**Records provided**
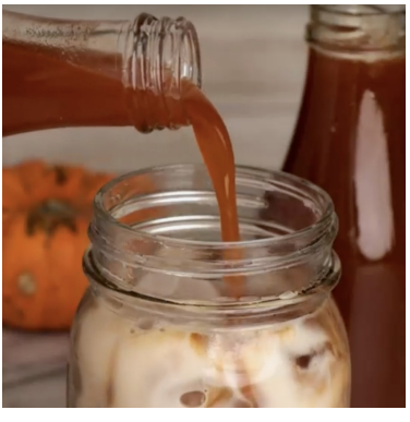
Pumpkin Spice Syrup Spice up your morning routine and practice economic sustainability by making your own homemade pumpkin spice syrup for your favorite beverage.
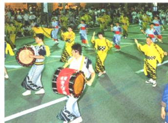
Morioka Sansa Odori, Morioka

[Contact] Akita City Kanto Festival Committee, tel: (018) 866-2112
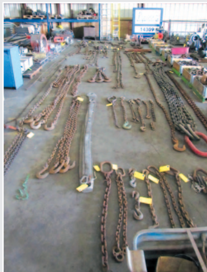
• Rigging Chains, Assorted lengths available
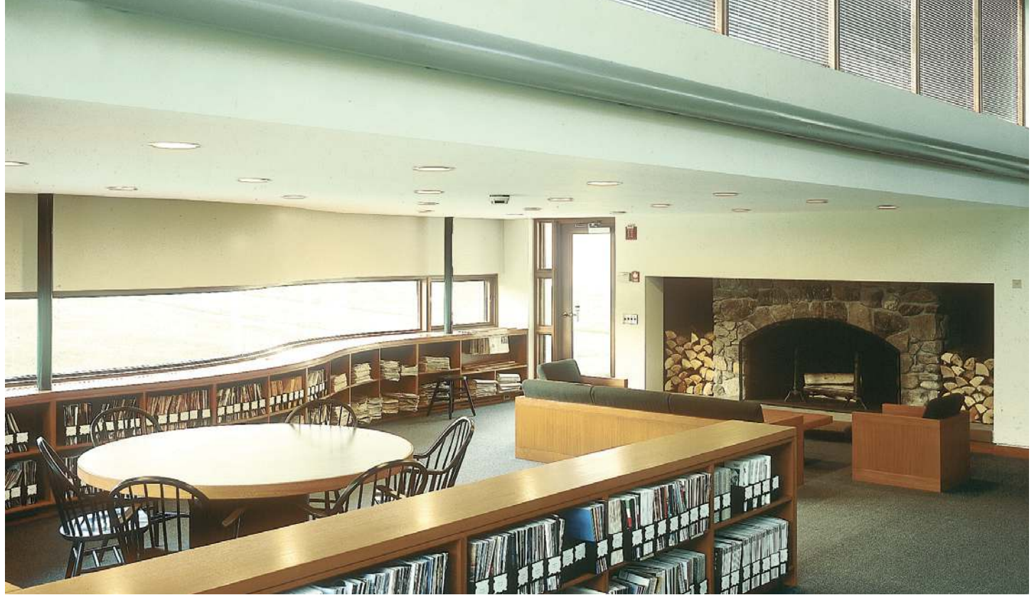
Periodical reading room
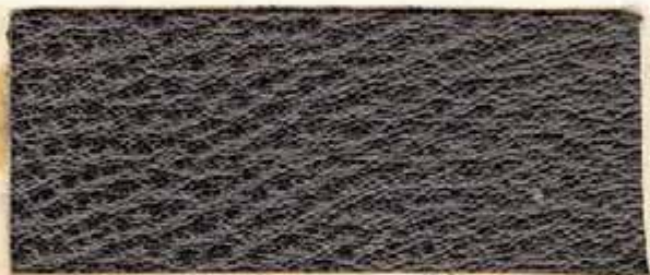
(2.) SEAL (BOLD GRAIN).
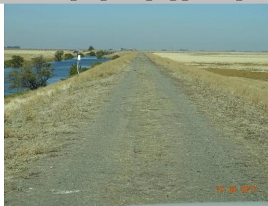
Several areas of scalloped erosion at waterside toe. Largest area is visible in distance in this photo.
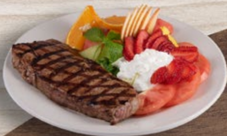
NEW YORK STEAK - $19
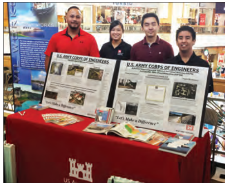
Our Department of the Army PATHWAYS interns created Corps of Engineers and Honolulu District photographic exhibits that showcased the District's missions for public display at Windward Mall in Kaneohe.
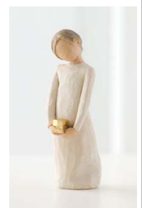
"Spirit of Giving"
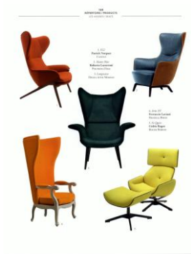
AD Collector FR September 2013

Many are the Italian and foreign editorial publications which used Fratelli Boffi products in their articles.
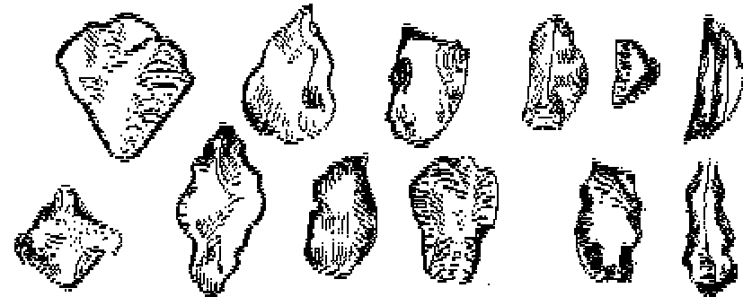
Fig. 1. Old Stone Age Implements

The first stage of human life is called the Old Stone Age. The people of this period used crude and rough stone implements for hunting the animals. These implements were made of quartzite or hard rock. Therefore, this period is named as the Old Stone Age. The implements of this period are found in several parts of Tamil Nadu. Robert Bruce Foote had first discovered the Old Stone Age implements at Pallavaram near Chennai. Later, similar discoveries were made in the districts of Kanchipuram, Vellore and Thiruvallur.
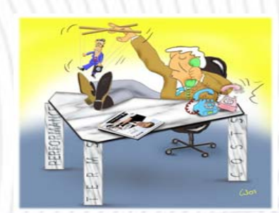
Daily Business Marketing
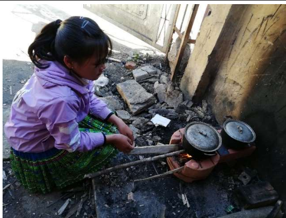
Photo 5: ICS (two pan model) made in Vinh Phuc Province. Portable and small. Provided to a boarding school.
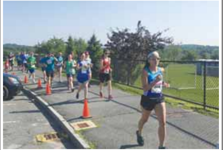
The race was held to raise money for medical programs at the Franciscan Hospital in Brighton.
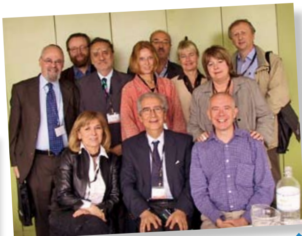
▶ The EFS Executive Comitee.

The Scientific Committee awarded prizes to the three most significant research contributions presented at the Congress and the Local Committee gave recognition to the best work carried out by Italian researchers. The Congress concluded with a reminder of the next important appointments at Goteborg (Sweden) in 2009 for the 19 th Congress of the WAS and Porto (Portugal) in 2010 for the 10 th EFS Congress. ●
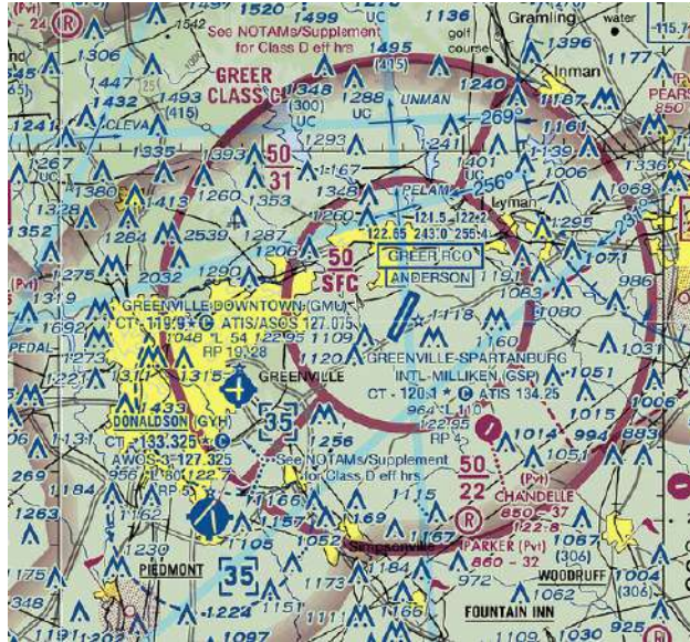
The airspace around Greenville, SC

As I was approaching the airport on the tower frequency I heard a strange radio exchange between the controller and an unknown aircraft (I don't remember the N number, so I'll just use N123 here):

**Work task**
Pictures must not appear in the copy, which must otherwise match the listing exactly.

**Expected output**
Pumpkin Spice Syrup Spice up your morning routine and practice economic sustainability by making your own homemade pumpkin spice syrup for your favorite beverage.
Morioka Sansa Odori, Morioka

[Contact] Akita City Kanto Festival Committee, tel: (018) 866-2112
• Rigging Chains, Assorted lengths available
Periodical reading room
(2.) SEAL (BOLD GRAIN).
Several areas of scalloped erosion at waterside toe. Largest area is visible in distance in this photo.
NEW YORK STEAK - $19
Our Department of the Army PATHWAYS interns created Corps of Engineers and Honolulu District photographic exhibits that showcased the District's missions for public display at Windward Mall in Kaneohe.
"Spirit of Giving"
AD Collector FR September 2013

Many are the Italian and foreign editorial publications which used Fratelli Boffi products in their articles.
Fig. 1. Old Stone Age Implements

The first stage of human life is called the Old Stone Age. The people of this period used crude and rough stone implements for hunting the animals. These implements were made of quartzite or hard rock. Therefore, this period is named as the Old Stone Age. The implements of this period are found in several parts of Tamil Nadu. Robert Bruce Foote had first discovered the Old Stone Age implements at Pallavaram near Chennai. Later, similar discoveries were made in the districts of Kanchipuram, Vellore and Thiruvallur.
Daily Business Marketing
Photo 5: ICS (two pan model) made in Vinh Phuc Province. Portable and small. Provided to a boarding school.
The race was held to raise money for medical programs at the Franciscan Hospital in Brighton.
▶ The EFS Executive Comitee.

The Scientific Committee awarded prizes to the three most significant research contributions presented at the Congress and the Local Committee gave recognition to the best work carried out by Italian researchers. The Congress concluded with a reminder of the next important appointments at Goteborg (Sweden) in 2009 for the 19 th Congress of the WAS and Porto (Portugal) in 2010 for the 10 th EFS Congress. ●
The airspace around Greenville, SC

As I was approaching the airport on the tower frequency I heard a strange radio exchange between the controller and an unknown aircraft (I don't remember the N number, so I'll just use N123 here):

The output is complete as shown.